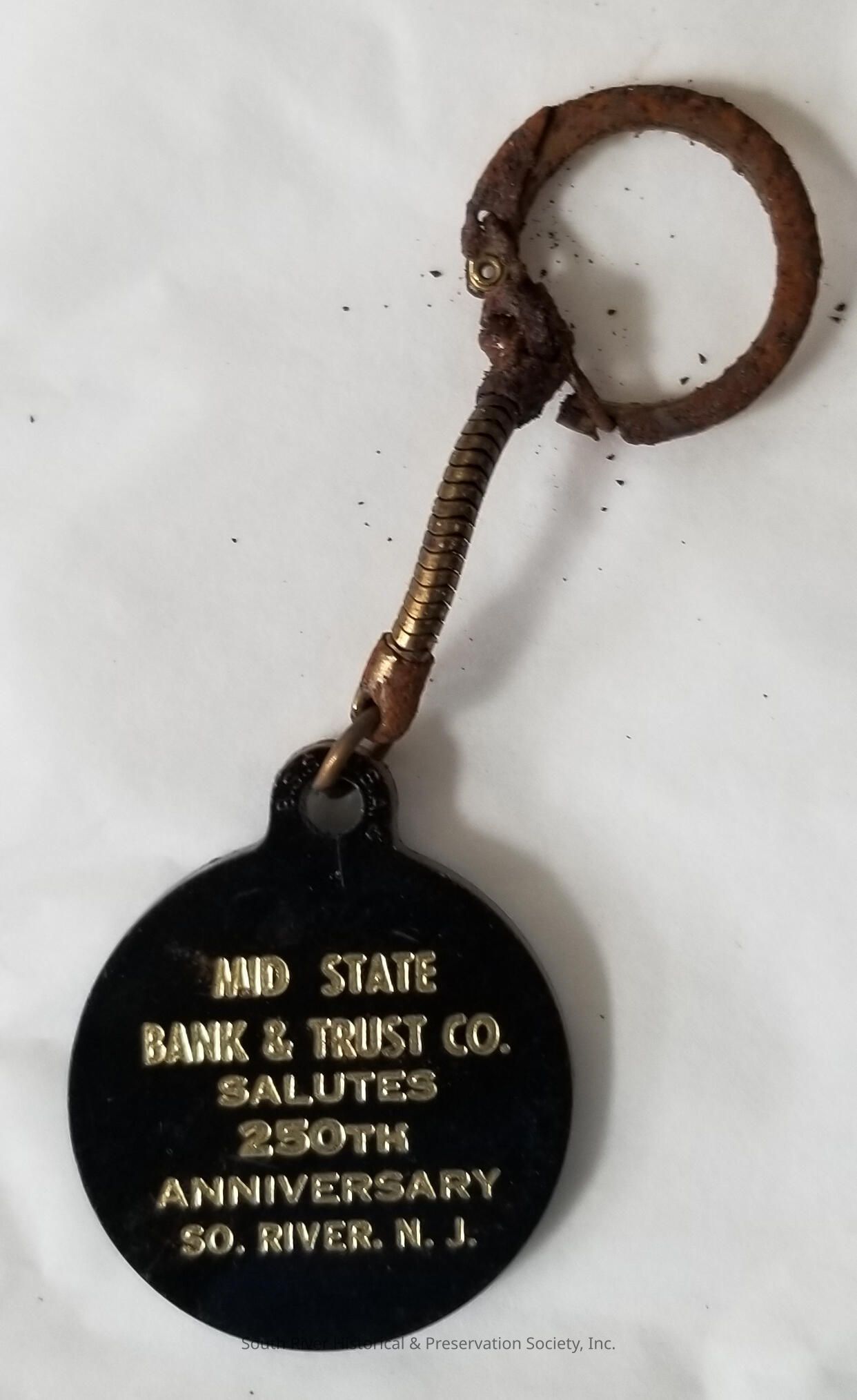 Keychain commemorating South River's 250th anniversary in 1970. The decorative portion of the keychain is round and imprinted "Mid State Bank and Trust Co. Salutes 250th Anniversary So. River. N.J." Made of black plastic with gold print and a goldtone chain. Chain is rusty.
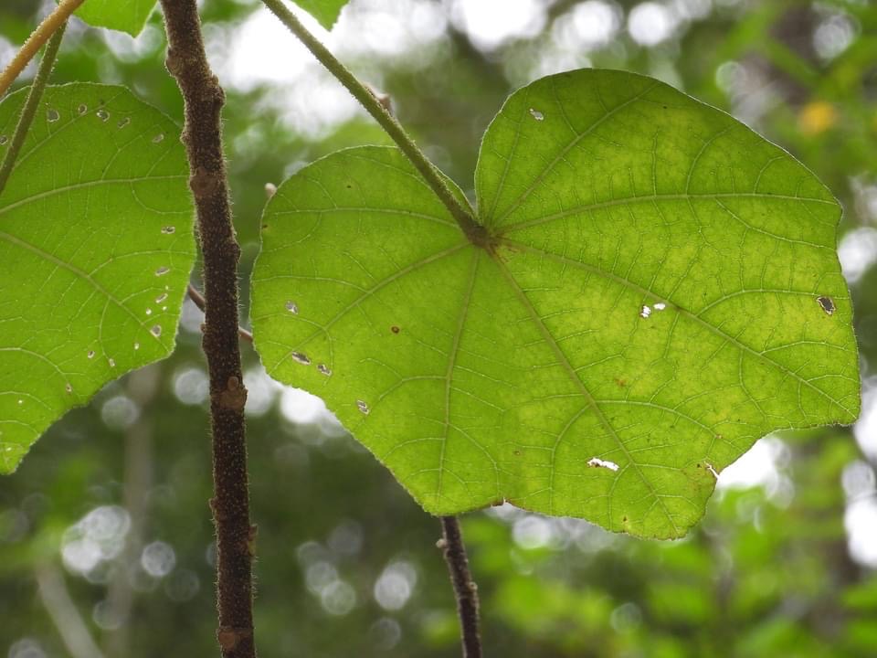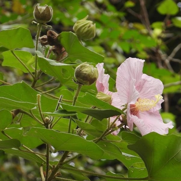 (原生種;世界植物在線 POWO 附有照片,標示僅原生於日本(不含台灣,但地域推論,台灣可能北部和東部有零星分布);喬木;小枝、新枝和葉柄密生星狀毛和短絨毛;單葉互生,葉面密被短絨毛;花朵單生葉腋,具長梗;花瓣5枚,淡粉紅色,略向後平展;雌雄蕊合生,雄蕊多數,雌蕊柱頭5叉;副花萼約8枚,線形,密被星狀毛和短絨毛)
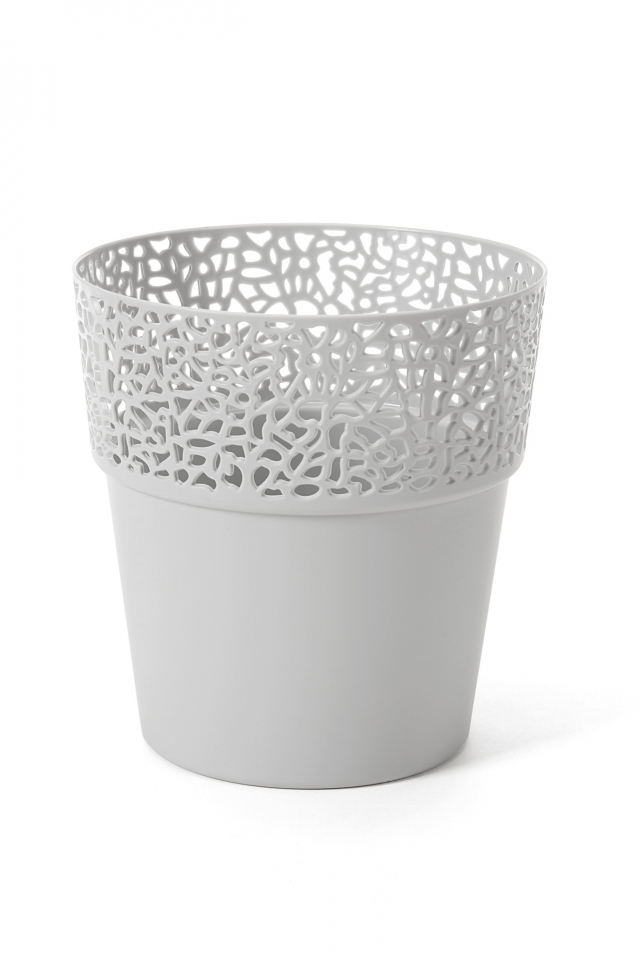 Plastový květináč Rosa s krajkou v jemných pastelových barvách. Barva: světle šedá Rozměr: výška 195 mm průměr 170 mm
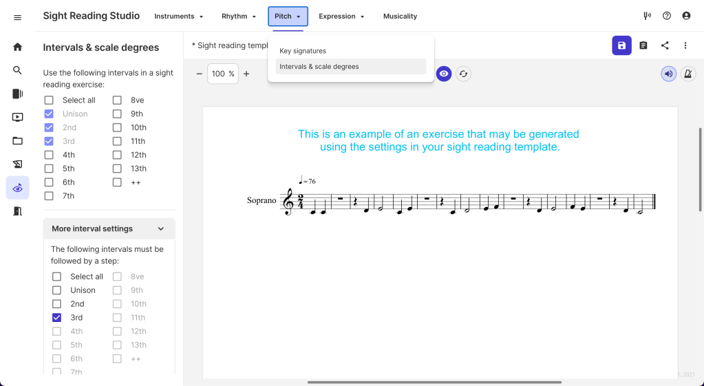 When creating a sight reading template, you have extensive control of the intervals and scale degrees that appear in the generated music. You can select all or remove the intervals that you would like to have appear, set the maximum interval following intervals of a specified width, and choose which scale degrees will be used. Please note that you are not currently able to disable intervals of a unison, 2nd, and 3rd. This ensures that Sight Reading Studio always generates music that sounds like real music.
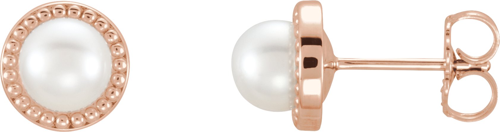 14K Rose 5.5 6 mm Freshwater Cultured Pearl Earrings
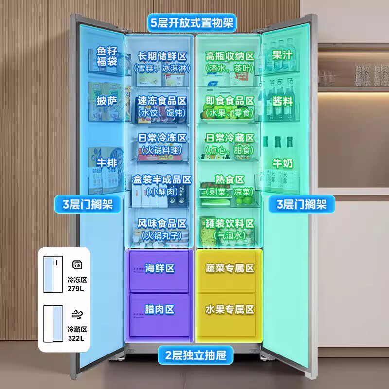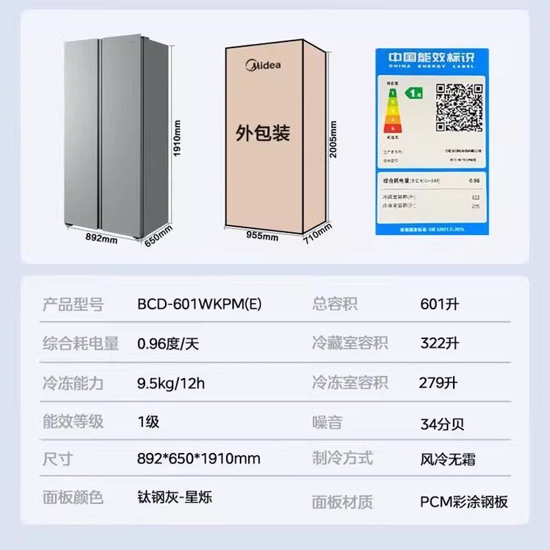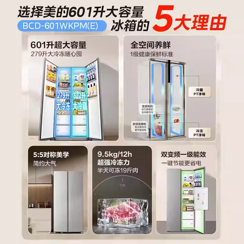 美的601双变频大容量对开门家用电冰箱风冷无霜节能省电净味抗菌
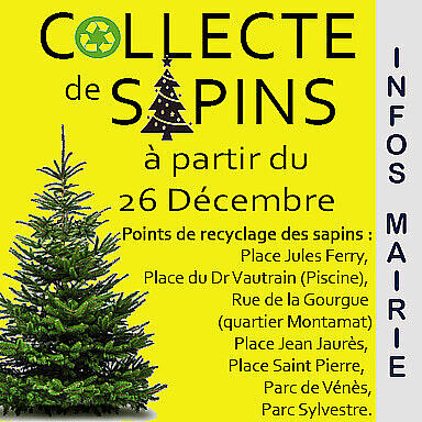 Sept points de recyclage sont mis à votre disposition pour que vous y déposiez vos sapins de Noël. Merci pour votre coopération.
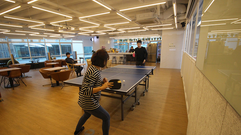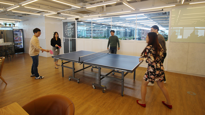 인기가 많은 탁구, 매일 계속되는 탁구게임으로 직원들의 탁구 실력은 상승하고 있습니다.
----
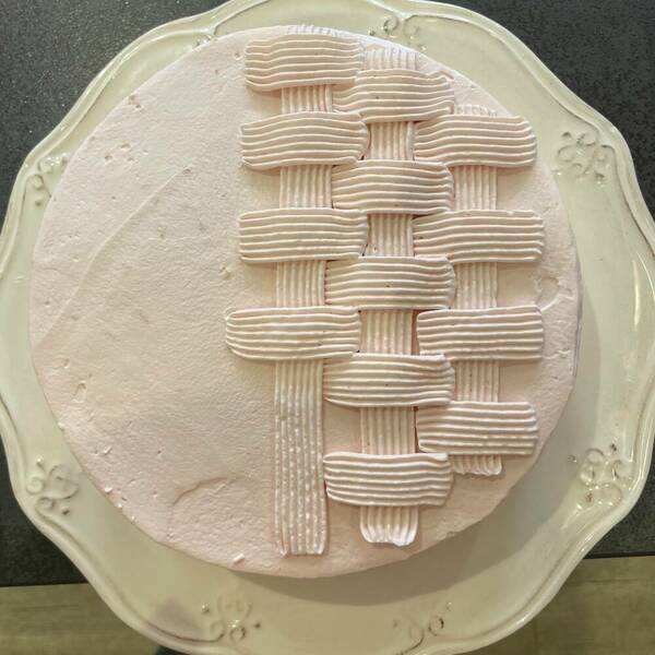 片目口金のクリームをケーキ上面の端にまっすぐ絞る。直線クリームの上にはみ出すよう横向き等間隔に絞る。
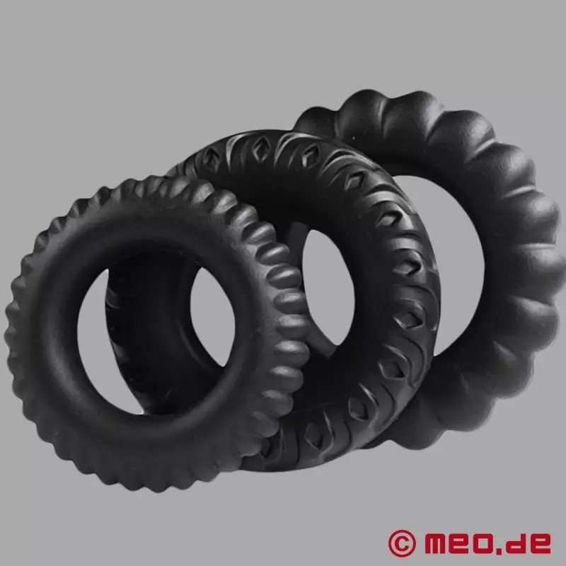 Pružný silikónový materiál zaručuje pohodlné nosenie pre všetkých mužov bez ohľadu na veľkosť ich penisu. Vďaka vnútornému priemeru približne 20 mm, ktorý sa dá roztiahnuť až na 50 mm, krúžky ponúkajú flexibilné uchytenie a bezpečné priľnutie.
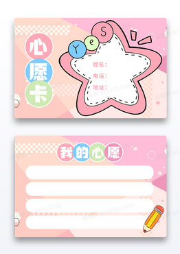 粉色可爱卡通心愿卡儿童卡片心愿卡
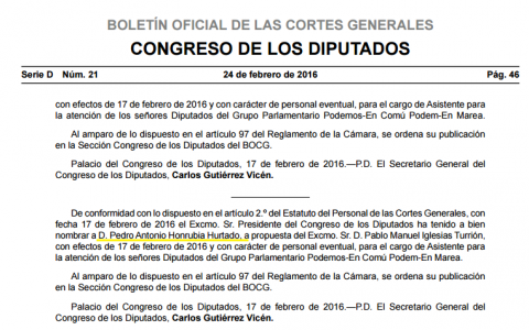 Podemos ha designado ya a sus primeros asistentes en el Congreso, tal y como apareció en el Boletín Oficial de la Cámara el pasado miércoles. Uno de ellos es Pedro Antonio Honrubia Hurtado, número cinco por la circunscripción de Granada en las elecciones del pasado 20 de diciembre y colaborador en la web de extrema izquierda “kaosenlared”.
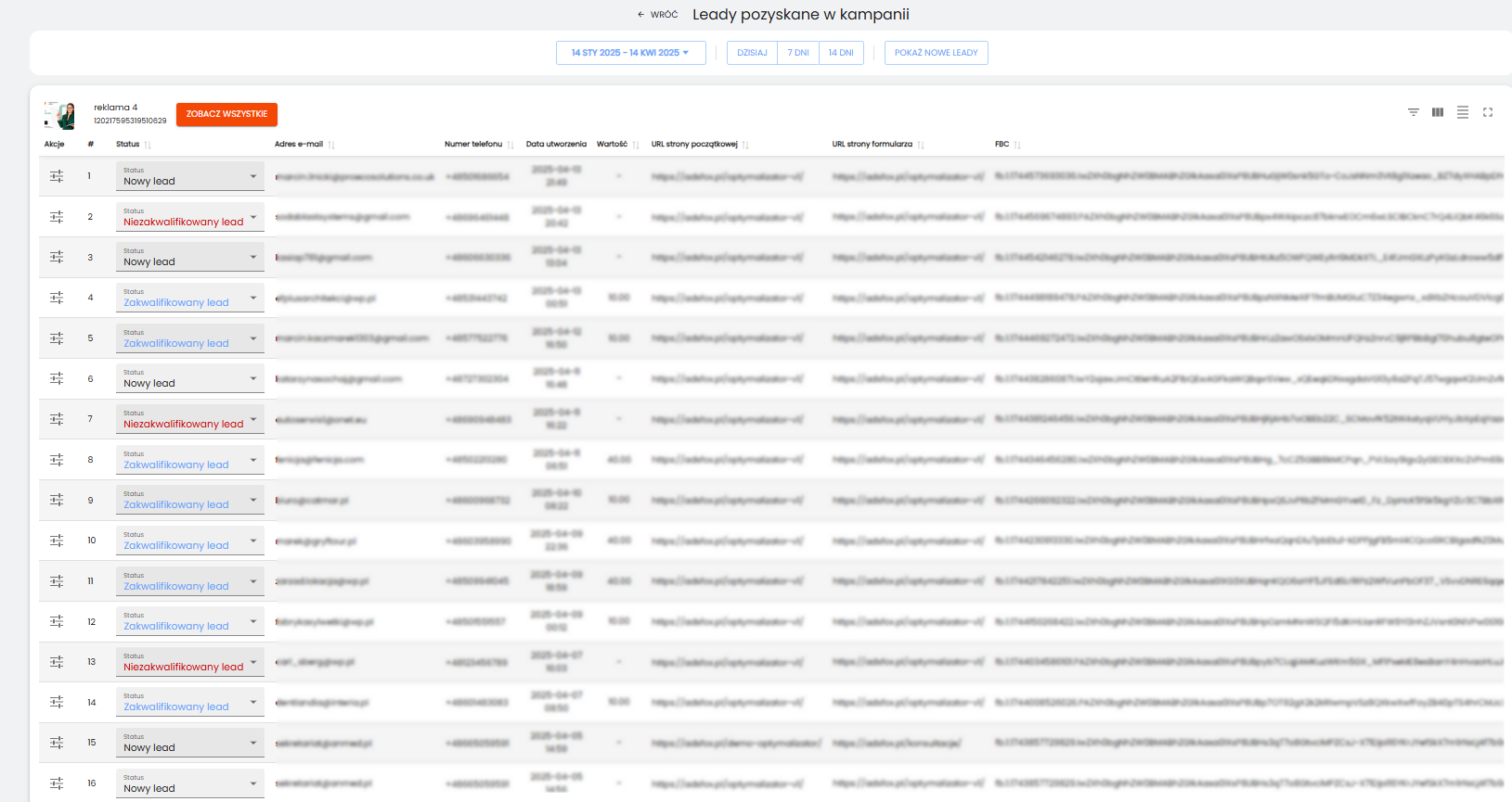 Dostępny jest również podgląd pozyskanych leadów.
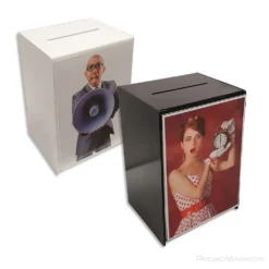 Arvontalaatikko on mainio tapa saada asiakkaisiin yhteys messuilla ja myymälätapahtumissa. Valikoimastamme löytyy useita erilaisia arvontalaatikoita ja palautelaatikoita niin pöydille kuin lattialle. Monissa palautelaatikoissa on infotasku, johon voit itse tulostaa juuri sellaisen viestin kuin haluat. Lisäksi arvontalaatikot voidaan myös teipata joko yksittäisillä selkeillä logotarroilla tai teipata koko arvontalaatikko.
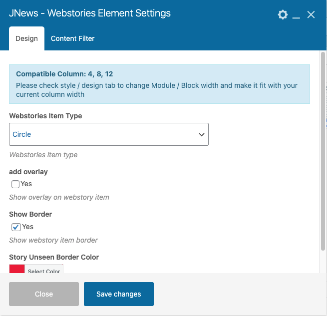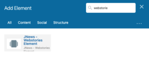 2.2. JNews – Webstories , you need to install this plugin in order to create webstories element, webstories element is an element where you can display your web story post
----
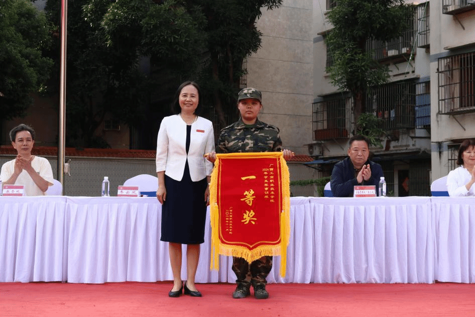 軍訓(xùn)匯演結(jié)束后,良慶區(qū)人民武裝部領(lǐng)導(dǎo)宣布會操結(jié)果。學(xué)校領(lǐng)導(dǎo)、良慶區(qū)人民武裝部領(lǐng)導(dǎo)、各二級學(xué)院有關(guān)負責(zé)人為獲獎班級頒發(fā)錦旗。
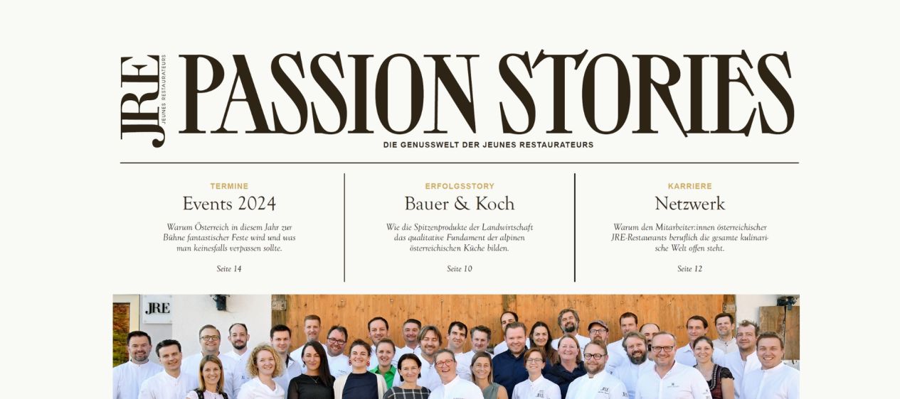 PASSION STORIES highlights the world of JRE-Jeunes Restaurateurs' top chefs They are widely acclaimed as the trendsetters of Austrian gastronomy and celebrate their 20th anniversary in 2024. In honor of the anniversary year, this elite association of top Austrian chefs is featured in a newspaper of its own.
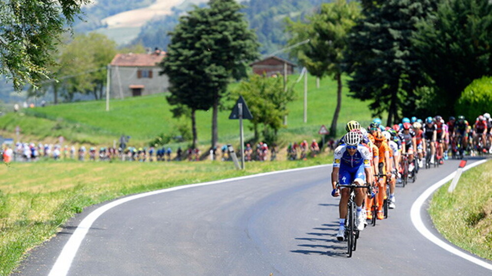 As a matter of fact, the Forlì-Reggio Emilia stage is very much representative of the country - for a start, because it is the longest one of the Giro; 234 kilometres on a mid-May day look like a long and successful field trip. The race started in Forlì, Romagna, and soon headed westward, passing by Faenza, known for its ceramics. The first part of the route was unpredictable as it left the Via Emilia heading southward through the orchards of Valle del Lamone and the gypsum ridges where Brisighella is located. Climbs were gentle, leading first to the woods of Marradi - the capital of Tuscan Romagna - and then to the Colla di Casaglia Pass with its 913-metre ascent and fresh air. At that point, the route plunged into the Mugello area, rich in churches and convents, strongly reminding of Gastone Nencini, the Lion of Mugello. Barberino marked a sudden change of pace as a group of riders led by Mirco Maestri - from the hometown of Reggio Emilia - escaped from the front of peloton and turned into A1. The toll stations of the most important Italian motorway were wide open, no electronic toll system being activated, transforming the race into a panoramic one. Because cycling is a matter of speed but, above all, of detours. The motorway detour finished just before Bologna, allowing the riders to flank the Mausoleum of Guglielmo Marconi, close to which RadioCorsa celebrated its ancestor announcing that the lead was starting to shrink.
----
Only one stretch of the material above is wanted: the line containing "軍訓(xùn)匯演結(jié" through the line containing "PASSION STORIES highlights". Restate it word for word, minus the pictures.

### YOUR SOLUTION
 軍訓(xùn)匯演結(jié)束后,良慶區(qū)人民武裝部領(lǐng)導(dǎo)宣布會操結(jié)果。學(xué)校領(lǐng)導(dǎo)、良慶區(qū)人民武裝部領(lǐng)導(dǎo)、各二級學(xué)院有關(guān)負責(zé)人為獲獎班級頒發(fā)錦旗。
 PASSION STORIES highlights the world of JRE-Jeunes Restaurateurs' top chefs They are widely acclaimed as the trendsetters of Austrian gastronomy and celebrate their 20th anniversary in 2024. In honor of the anniversary year, this elite association of top Austrian chefs is featured in a newspaper of its own.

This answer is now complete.